UK

Road casualties: FAQs

  • 5 December 2011
  • From the section UK

The BBC News website's road casualties map, which shows all recorded deaths on Britain's roads between 1999 and 2010, has been enormously popular.

As a result, we have received hundreds of emails asking a range of questions. Here are the answers to some of the most frequent about the map and related features.

Where does the data come from?

Every time a road traffic collision is reported to the police in which someone is either injured or dies, the police record details of the incident on a special form, known as STATS19. The police record many details including when and exactly where the crash took place, in what weather, on what class of road and whether it was close to a junction, a school and son on. All of this data is collated every year. The Department for Transport releases quarterly headline figures based on this data and once a year, a full annual report. The latest report for 2010 is here.

Why do you say the data covers Great Britain when it includes Northern Ireland?

The complete data over the time period - 1999-2010 - is for Great Britain. However, we have also included some partial data for Northern Ireland, for 2004-2009. The Northern Ireland data comes from a different source and was in a different format and so isn't directly comparable. Some of it was also incomplete.

For this reason it is not possible for us to say the data is representative of the UK as a whole. Our headline reflects this and we have added a note beneath the map to explain.

A crash close to where I live is missing or the details are inaccurate. Why?

The data comes from police records dated between 1999 and 2010. The information is recorded by police at the scene of a crash. The data is then transferred onto a computer database. As with any large collection of data, there will be some errors and duplicates in the information and these will appear on our map. In addition, the circumstances may have changed since the information was recorded or more accurate information may have come to light.

With regard to the missing incidents, there are 86 fatal collisions in the police data made available to us that have incomplete information. For this reason, we have been unable to include them in the map.

The BBC apologises for any distress or offence that any inaccurate information may cause.

A crash I am familiar with is not located in the right place on the map. Why?

The data is postcode based, so the points on the map may not be positioned in the exact location of the fatal collision.

The map doesn't seem to show individual crashes for my postcode area. Is there a problem?

If there are too many fatal crashes in your local authority area, the black overview square showing figures for the number of collisions will appear instead of individual crash dots. Zoom in further and you will see the individual incidents and their locations. This will happen with a number of areas on the map where there are a large number of crashes.

Some of the incidents I have looked at say it was snowing at the time, but it was summer. Is there a problem with the data?

There was a glitch in the way the map was being fed with data early on 5 December. This has now been resolved.

Where did you get the 730,000 figure for all road casualties?

This is the government's own official estimate of the total number of people killed or injured in road traffic collisions.

How did you calculate the £15 - £32bn economic cost?

Another figure from government officials.
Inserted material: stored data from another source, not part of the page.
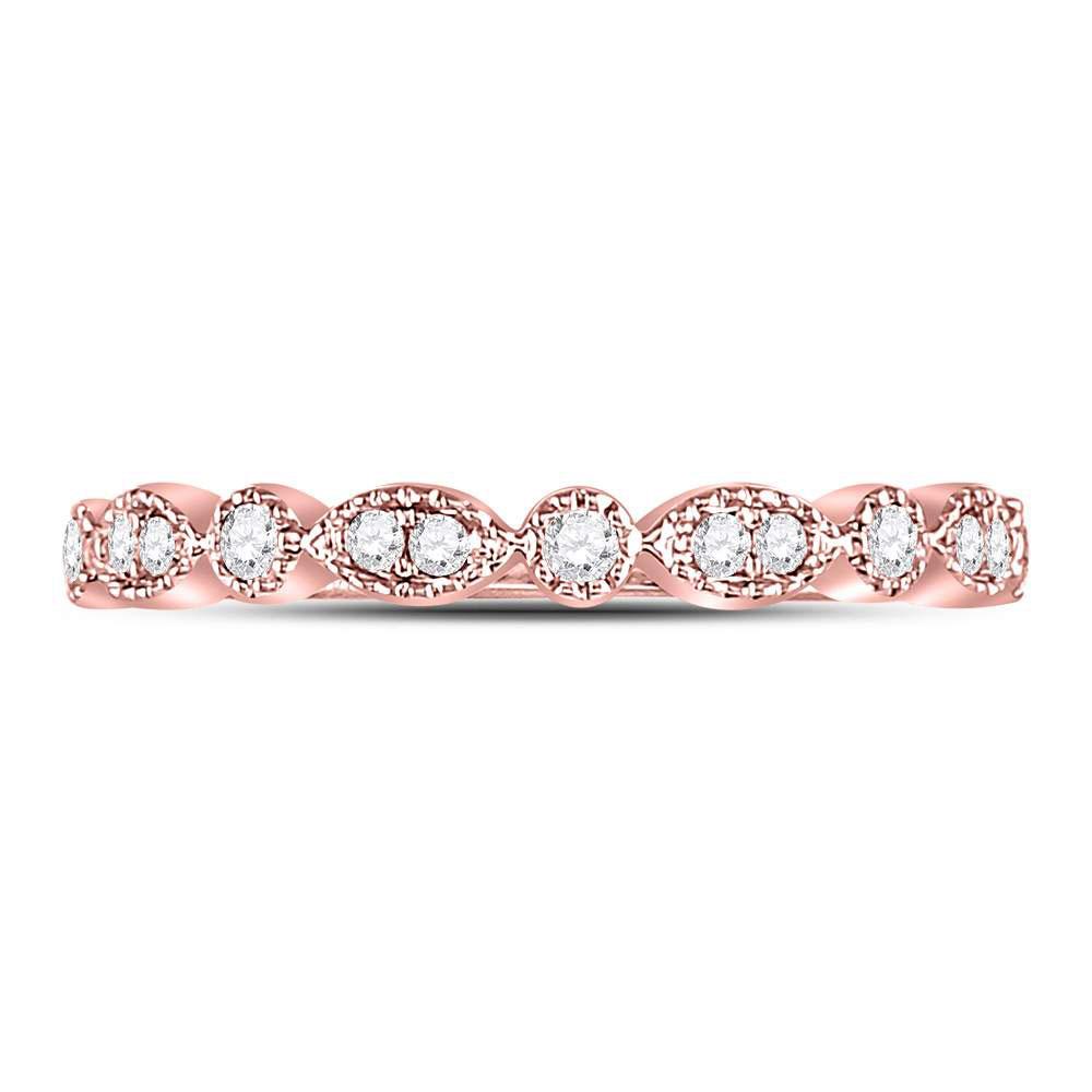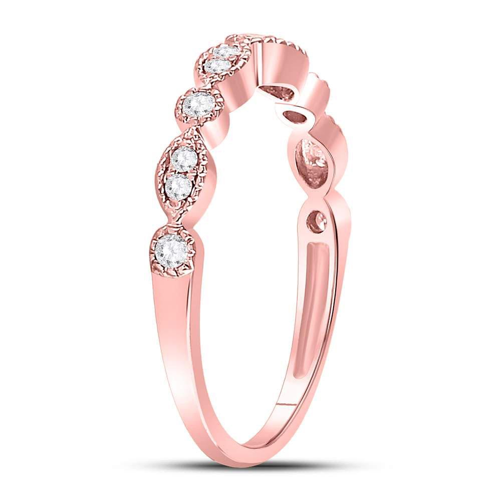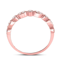 10kt Rose Gold Womens Round Diamond Marquise Dot Stackable Band Ring 1/6 Cttw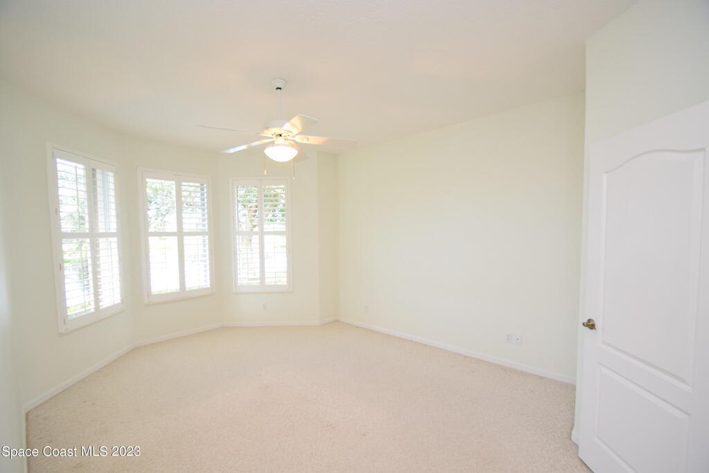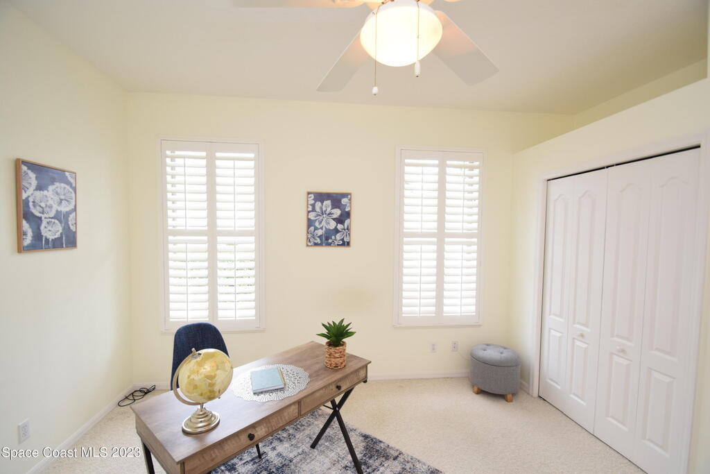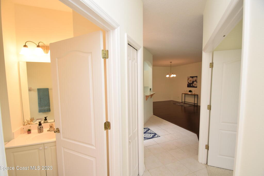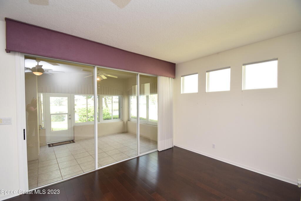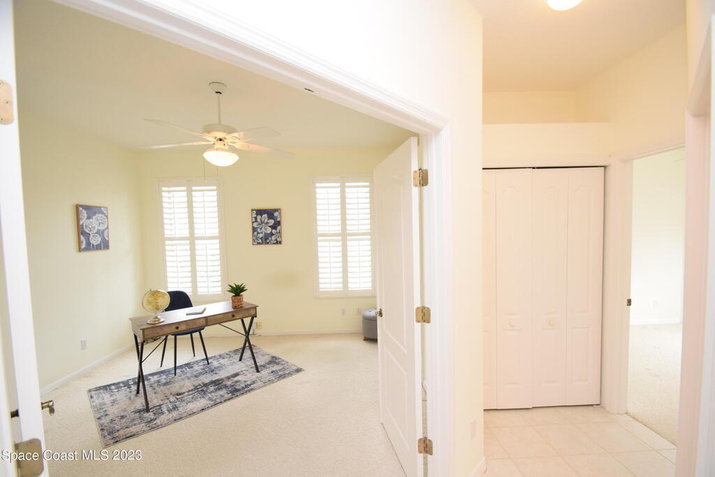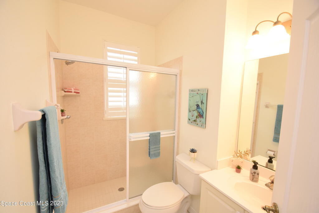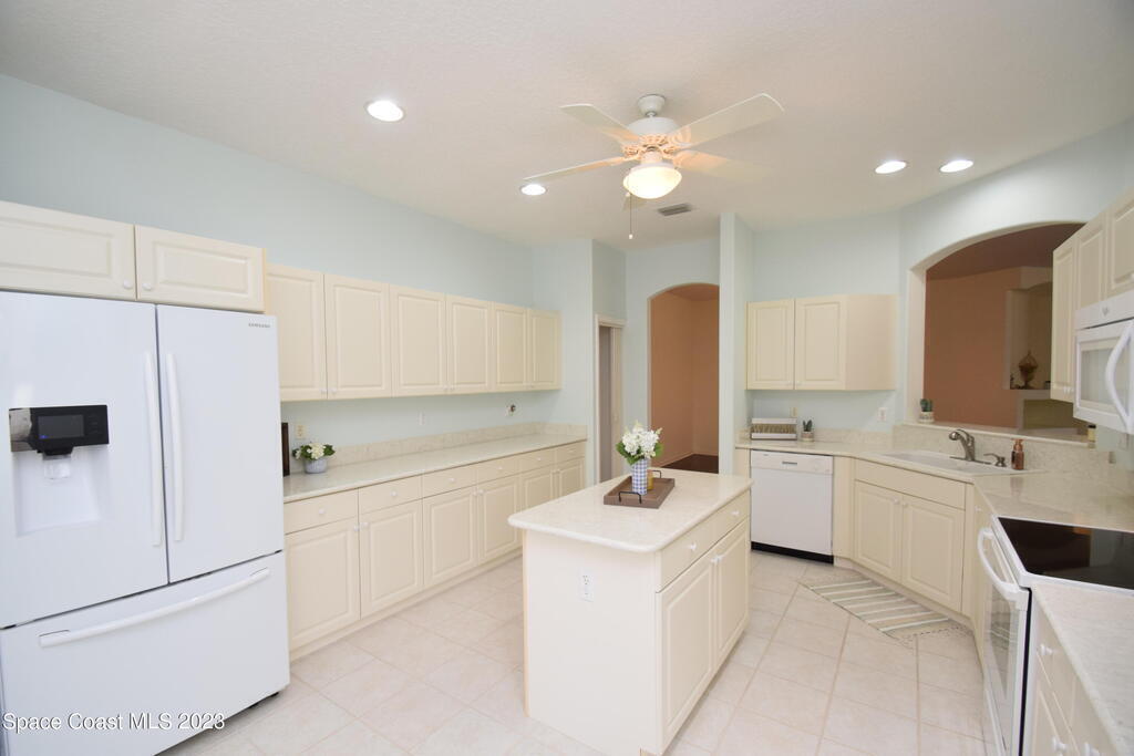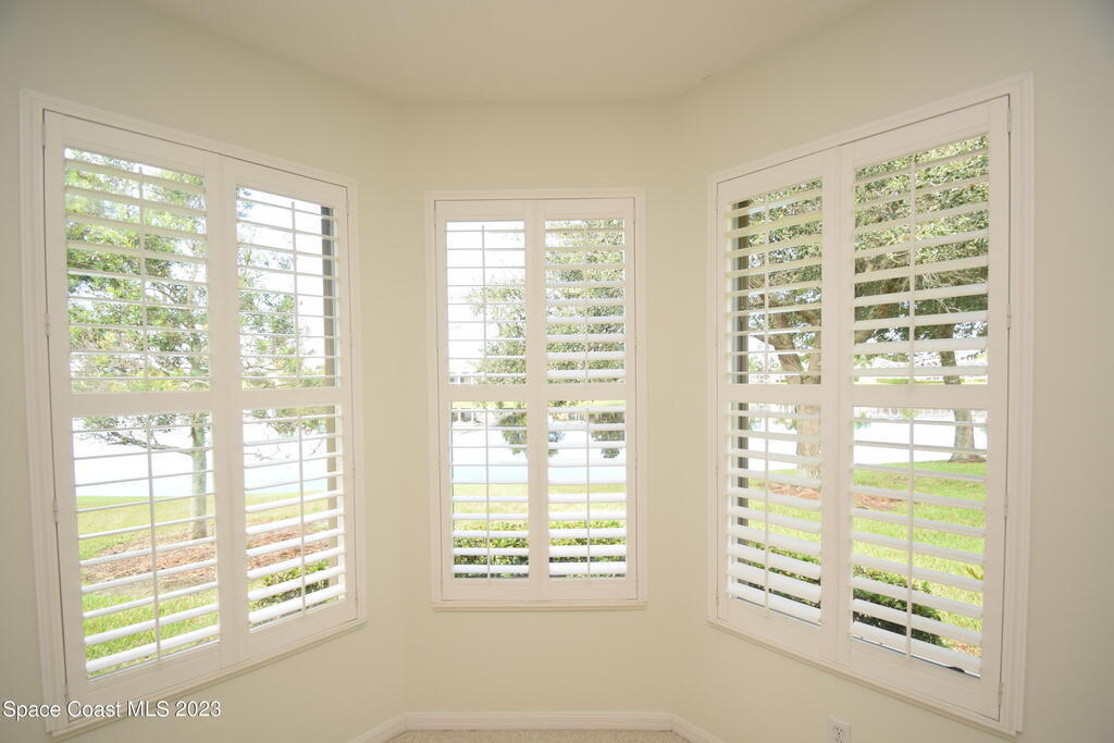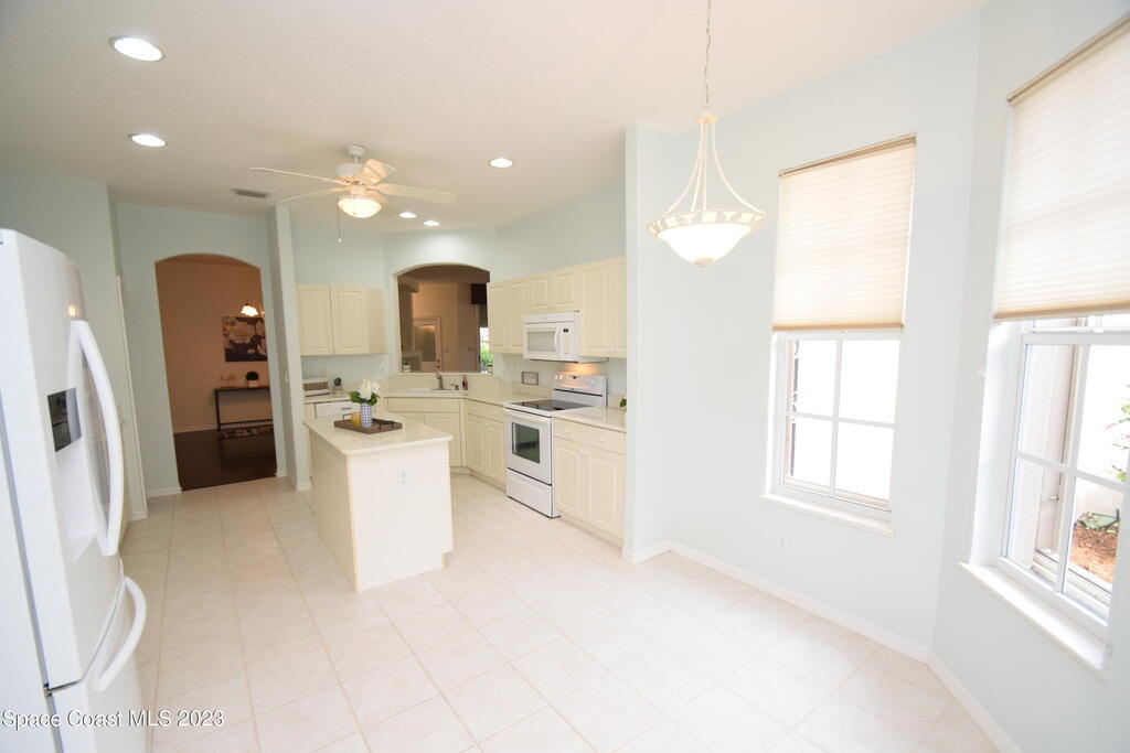 Welcome Home to this light and bright, spacious half-duplex located in the highly desirable community of Woodhall at Viera East Golf Club. This 3 Bedroom/2 Bath Home boasts a large kitchen with breakfast nook, prep island, ample cream-colored cabinetry, and beautiful quartz countertops. The open concept living area has cherry, engineered hardwood flooring and a triple slider leading to the enclosed porch. Enjoy the beautiful lake views from the living area, enclosed porch, and owner's suite. The owner's suite includes a shower, tub, and a large walk-in closet. This well-cared for, one owner home includes storm shutters and is ready for its new owners. HOA fees include lawn maintenance and roof replacement. Newer roof and A/C (approx. 2018), water heater 2022, garbage disposal 2023.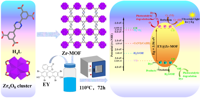 在印染废水深度处理方面,课题组构建了全新Zr-MOF及EY@Zr-MOF,实现了对水中Cr(VI)及多种活性染料的高效物理捕获与光化学降解。该材料对Cr(VI)的光还原效率高,对RB13、RR2和RR11的降解效果显著,反应动力学较Zr-MOF明显提升。研究成果以“Assembly of Eosin Y in-situ intercalated Zr-MOF composite for decontaminating Cr(VI) and reactive dyes via physical capture and photochemical purification”为题发表于《Journal of Molecular Structure》(中科院SCI二区)。化学工程与技术2022级研究生秦颖彤为论文第一作者,李庆和朱炜老师为通讯作者,GimyTV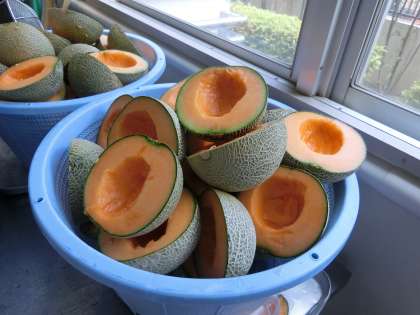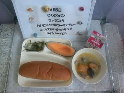6月5日(水)の給食は「鶏肉とかぼちゃのシチュー、ミックス海そうのサラダ、クインシーメロン」でした。クインシーメロンは年1回のデザートです。調理員さんに中の種をきれいにとって、8等分に切っていただきました。シチューは、アレルギーに配慮し、乳や小麦不使用のものを使っています。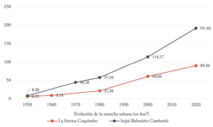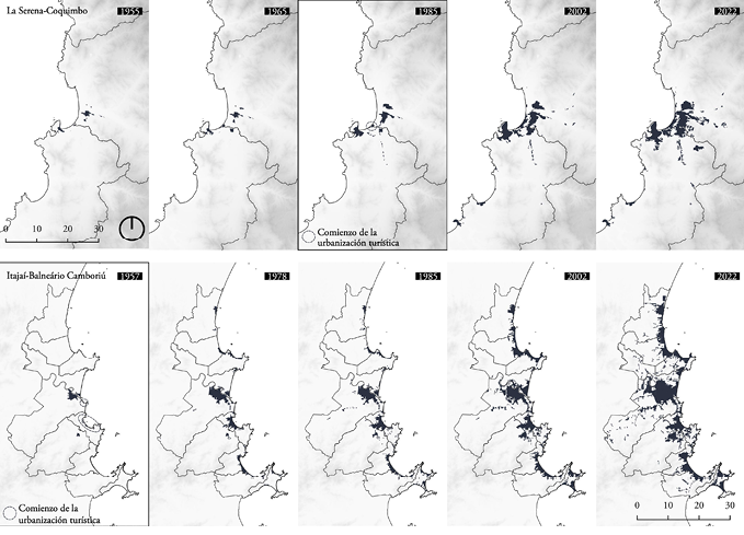 En el presente estudio se realizó un análisis histórico-espacial del proceso de crecimiento urbano en dos conurbaciones urbanas en latitudes intermedias de Sudamérica, pero ubicadas en la costa de dos océanos distintos. Debido a los cambios globales en la actividad económica y la condición de proximidad a la costa, a partir de mediados y finales del siglo XX se incorporan al contexto de estas localidades actividades turísticas de sol y mar y, principalmente, intensas transformaciones en el espacio urbano, como la expansión –y la consecuente conurbación de municipios vecinos–, junto con la aparición de nuevas tipologías edilicias, al mismo tiempo que se acentuaban las disparidades socioespaciales. Cuando se observa en conjunto el proceso de crecimiento histórico, los datos demográficos y la forma urbana resultante, destaca que la urbanización turística está más incorporada en el proceso de conurbación de Itajaí-Balneário Camboriú en comparación con lo que ocurre en La Serena-Coquimbo.

Here's a detailed article on how this number is calculated.

What is the source of the Dangerous Driving slide?

This research was conducted by Loughborough University's Transport Safety Research Centre and the Transport Research Laboratory. The two teams tracked hundreds of crashes over several years in the Nottinghamshire and Thames Valley areas respectively. Researchers attended these incidents and recorded first-hand many features of the collisions for the On-The-Spot research project.

They concluded that there seem to be links between offending and collision-involved road users; links between deprivation and precipitating a road traffic collision; offending among people driving for work; and potential over-representation of offending amongst collision-involved road users, compared to the national data.

They also emphasize that this research is preliminary and relates to collisions within the areas studied. It doesn't necessarily follow that this represents a complete national picture, though having demonstrated a way to link in-depth data on collisions with offence histories, there is the potential for further useful research.

Links to Loughborough's research, and TRL's research can be found here.

What is the difference between a "serious" and "light" injury?

These are defined in this document which details how the STATS19 form is filled out by the police.

Are you more likely to be involved in a collision during rush hour in a city?

Not necessarily. The police data we have simply details all the collisions that have happened over 12 years. However the busiest times on roads, while seemingly dangerous, may not be statistically the most dangerous times. And roads where many collisions take place may not be statistically the most dangerous roads. A quieter country road could be more dangerous than a busy city road if it has a higher number of incidents in ratio to its traffic volume.